University of Miami radiologist Joel Fishman graciously accepted a request
from Diagnostic Imaging that he write an article about imaging pulmonary
embolism with CT, but he had one question: His center had not yet installed a
multislice scanner. Would that be a problem?
Most imaging centers around the country don’t have multislice scanners,
yet much of what is regarded as leading-edge CT work is being done on scanners
with four or even eight detectors. When DI decided to profile sites that had
worked with MSCT units long enough to comment on the changes they make to daily
practice, every location the experts recommended was an academic
institution.
The revolution in CT imaging that all of these research leaders
predict—diagnosis built around volume rendering, a final farewell to film,
the demise of radiologists’ beloved habit of reading every single image in
a stack—is slowly transforming practices that have embraced multislice CT.

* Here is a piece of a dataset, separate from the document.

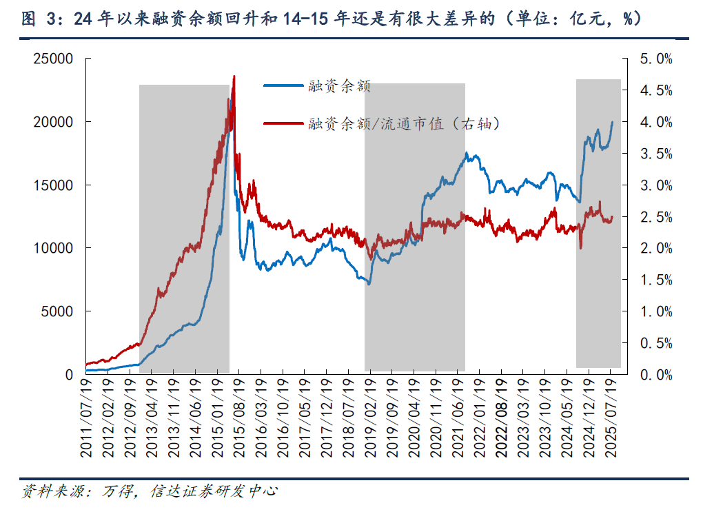 (2)2014-2015年增量资金主要来自杠杆资金,当今的监管更表率,是否意味着难以重演2014-2015年牛市?2014-2015年融资余额、融资余额/畅达市值均大幅增长,2019-2021年和2024年9月以来融资余额回升,但融资余额/流动市值增速不快。这评释杠杆资金有彰着流入,但举座和股市范围扩展速率差异不大。咱们觉得杠杆资金的占比会影响股市飞腾的速率,但不会影响场地。因为住户资金流入的内容是住户有较多的进款、其他钞票收益率不高、股市收货效应回升,每一轮牛市住户资金流入股市的渠说念都会略有相反。2005-2007年住户资金更多通过银证转账和申购公募基金入市,2013-2015年住户资金更多通过两融、场外配资和私募入市,2019-2021年住户资金更多通过公募权益家具入市,不同的流入样貌都不错有牛市。

It seems likely that these changes will spread as more imaging centers take the
multislice plunge.
In the meantime, though, the clinical articles presented in this supplement
to Diagnostic Imaging are relevant to all CT imagers. Whether imaging is done
with one detector or eight, protocols to reduce radiation exposure in children
are relevant across the board. Likewise, strategies to successfully image the
aorta, colon, and lungs won’t wait for multidetector technology. Careful
imaging, not the latest equipment, defines good CT practice.